VIOLENCE AGAINST WOMEN | UNITED KINGDOM | ADVOCACY & POLICY
OpEd: Casual Racism, Migrant Women and Small Towns
WORDS BY SONA NIKOGHOSYAN | SONA@THEIWI.ORG | 29 OCTOBER 2024
In my small seaside hometown, the seagulls are up before anyone else and you can tell too from their screeches. The sea salt air hits your face and in the town centre, the vibe is bustling. You’ll walk up to the chip stalls and while you get your kiddy cone with ketchup please, the native next to you comments on the amount of foreigners we have these days!
When brainstorming what to write for this article, my best friend told me this anecdote. She was at the sweeties shop buying bonbons and little sugar stars for her kids, when the owner of the store exclaimed how grateful she was that “[they] didn’t come a couple days earlier because some G***y man and his kids came in and stuck their hand in the jar of sweets! I had to chuck them out cause you can never be too sure where they’ve been.” When she tells me this I’m not even mildly surprised, in fact, it was quite tame compared to the extent of racism I’d been privy to in this small town.
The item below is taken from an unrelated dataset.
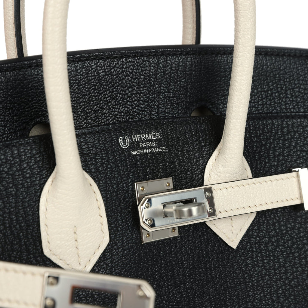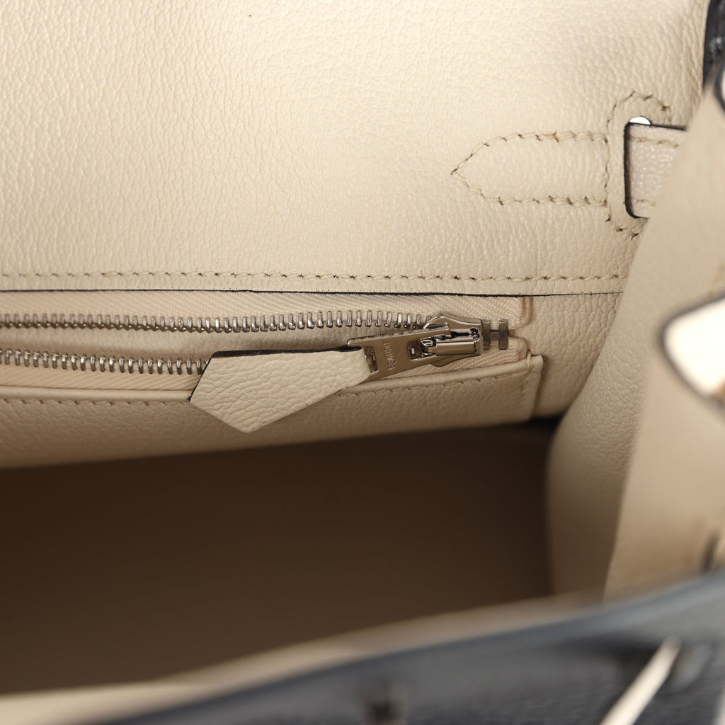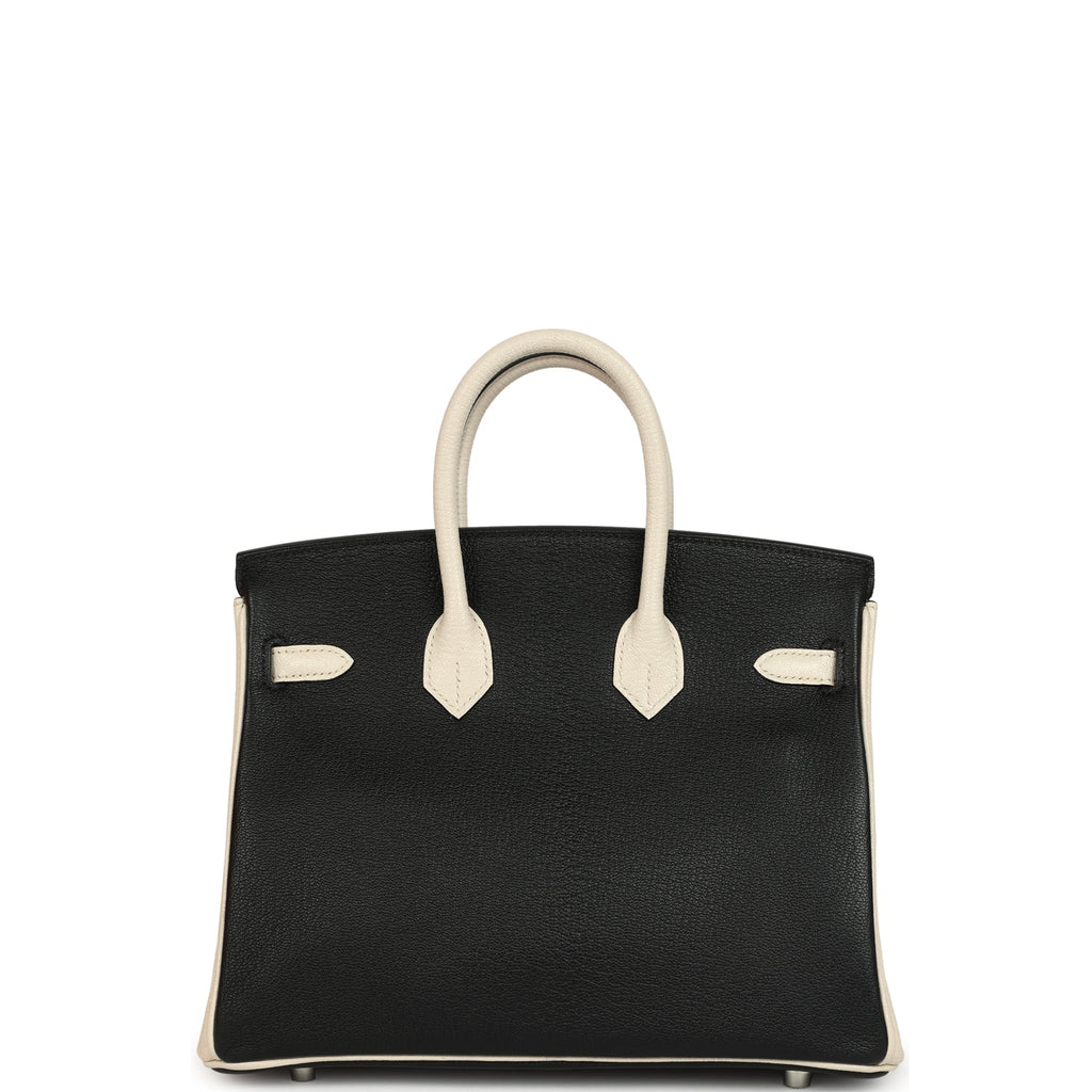 Hermès Special Order (HSS) Birkin 25 Bi-Color Black and Nata Chevre Mysore Palladium Hardware
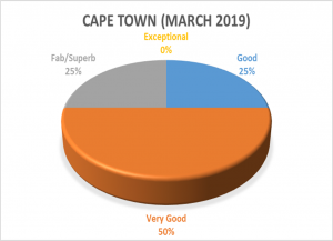 Llama Life Solutions (March 2019) carried out a review of top 60 hotels in major cities of South Africa (Cape Town, Durban and Johannesburg), by analyzing customer review trends, over a two-year period. The reviews captured customer responses and levels of satisfaction with these establishments. The following service ratings were used: Good, Very Good, Fabulous/Superb and Exceptional.

If you want to know the true extent of small town racism merely look at our new MP who has decided upon himself to film an expose on how bad migration is for the country. Shoving a camera in the faces of the factory workers waiting for their coach to take them to work, exclaiming “look, all they do is loiter and claim benefits”, as the migrants drive off to work. “This town has gone to shit because of them” exclaims the MP of a historical tourist town which is severely underfunded and overlooked constantly with multiple deprivation indices. I’m taking liberties here with the quotes as the film has not been released yet however, I can’t imagine someone who’s manifesto poster includes the phrase “I may get accused of being racist but quite simply, I don’t care” (appendix 1), is going to look nicely upon third country nationals.
Since the traditional seaside holiday decline during the 1980s, issues of high unemployment, below average salaries and a shockingly low qualification rate. Nested in the crest of the UK with subpar travel infrastructure, as one of the most deprived districts in England, is it any surprise to learn a decade of austerity has halved core spending power between 2010 and 2023. You would think a tourist town would be happy with foreigners coming, paying taxes… Besides, there’s 1001 papers on how immigrants help the economy, raise growth and fulfil gaps in particular sectors.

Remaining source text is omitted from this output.